The variability modeling approach needs to be domain-independent.

3.1.2 4S specific requirements

The variability 4S is trying to capture is during the design phase of the BPM life-cycle. In the work of La Rosa et al. [5], this is called the conceptual process type. Next to variability during the design phase, techniques can offer variability during the execution phase. This is currently not in scope of 4S. As a result, our second requirement is:

Requirement 2

Variability needs to be supported during the design phase of the BPM life-cycle (conceptual process type).

In 4S, the variability within process models occurs most frequently in the control-flow perspective. The control-flow perspective represents the activities and the relation between them, e.g., sequence, parallel, or a choice. This is the most-studied perspective within variant modeling approaches [5]. In summary, our third requirement is:

Requirement 3

The variability modeling approach needs to support variability for the control-flow perspective (control-flow).

To be able to apply an approach in a practical setting, the approach needs to reach a certain maturity level by showing its applicability in practice. This is essential for 4S to ensure that the approaches are applicable to real-life processes. As a result, our fourth requirement is:

Requirement 4

The variability modeling approach needs to have been validated in real-life (validation).

In 4S, we need to go beyond variability for a single process model. We need to manage variability within repositories. As mentioned, variability within repositories can be supported by means of hierarchies. This leads to our fifth requirement:

Requirement 5

The variability modeling approach needs to support a hierarchical process structure.
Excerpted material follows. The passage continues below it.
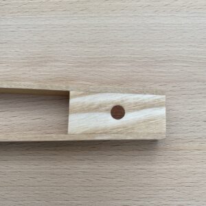 I madtangen er der boret et stykke metal i gribefeltet. Madtangen kan dermed ophænges på vores knivmagnet.
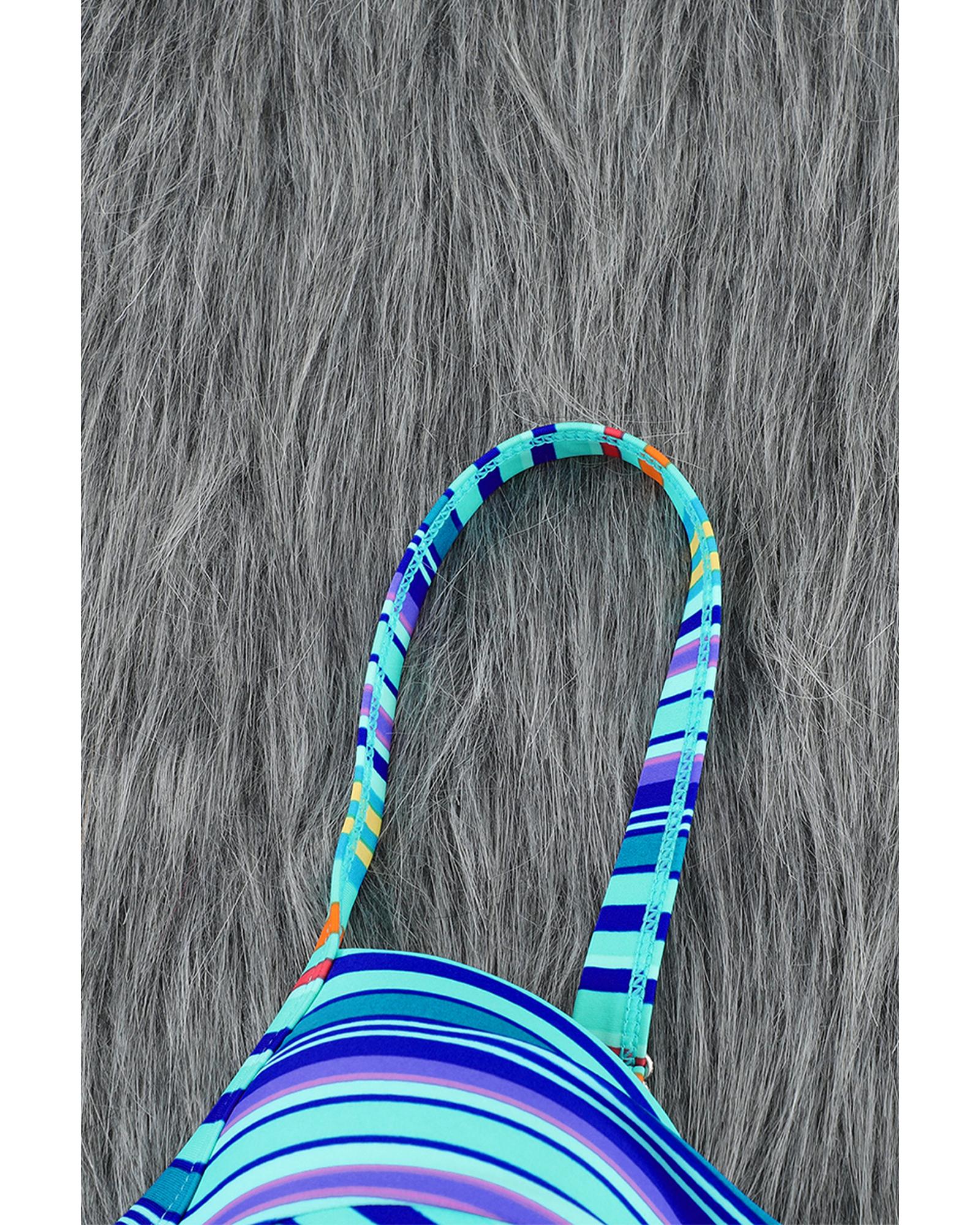 Sky Blue Twisted Bust Striped Bikini Set – 2XL

Table 2 The list of candidate approaches for process variability modeling and their evaluation

3.1.3 Employee specific requirements

Although process variant modeling approaches build on existing process modeling concepts, the introduction of additional constructs and representational elements increase the cognitive load of using them [34]. For experienced modelers, the use of familiar process modeling notations may increase the understanding of process models [35]. Process variant modeling approaches usually build on a specific process modeling notation, or require customization of a notation. In 4S, the analysts are experienced in BPMN for the purposes of analyzing and communicating process knowledge. To alleviate the additional cognitive load for the analysts due to the use of new methods, we have as our sixth requirement:

Requirement 6

The variability modeling approach needs to build on BPMN as the process modeling notation (process modeling language).Footnote 1

The analysts at 4S are new to variability modeling. Furthermore, applying variant modeling approaches is not a trivial task [34]. As a result, for a more successful adoption, our seventh and final requirement is:

Requirement 7

The variability modeling approach needs to provide decision support on the creation of modeling artifacts and their application (decision support).

The team decided to select two approaches conforming to these requirements while having distinctive variant modeling mechanisms in alignment with our action research design. Applying different approaches helped us to achieve our research aim to perform a comparative analysis. At the same time, 4S was able to experience diverse approaches and evaluate pros and cons for their future use. In the next section, we describe how the two approaches were selected based on these requirements.

3.2 Selection of the approaches

To identify the potential process variant modeling approaches that meet the requirements as identified in Sect. 3.1, a list of approaches were identified from the most recent surveys and systematic literature reviews [5, 9, 10]. Next to this, two recent theses were examined on the topic of variability to ensure that the list is up-to-date [36, 37].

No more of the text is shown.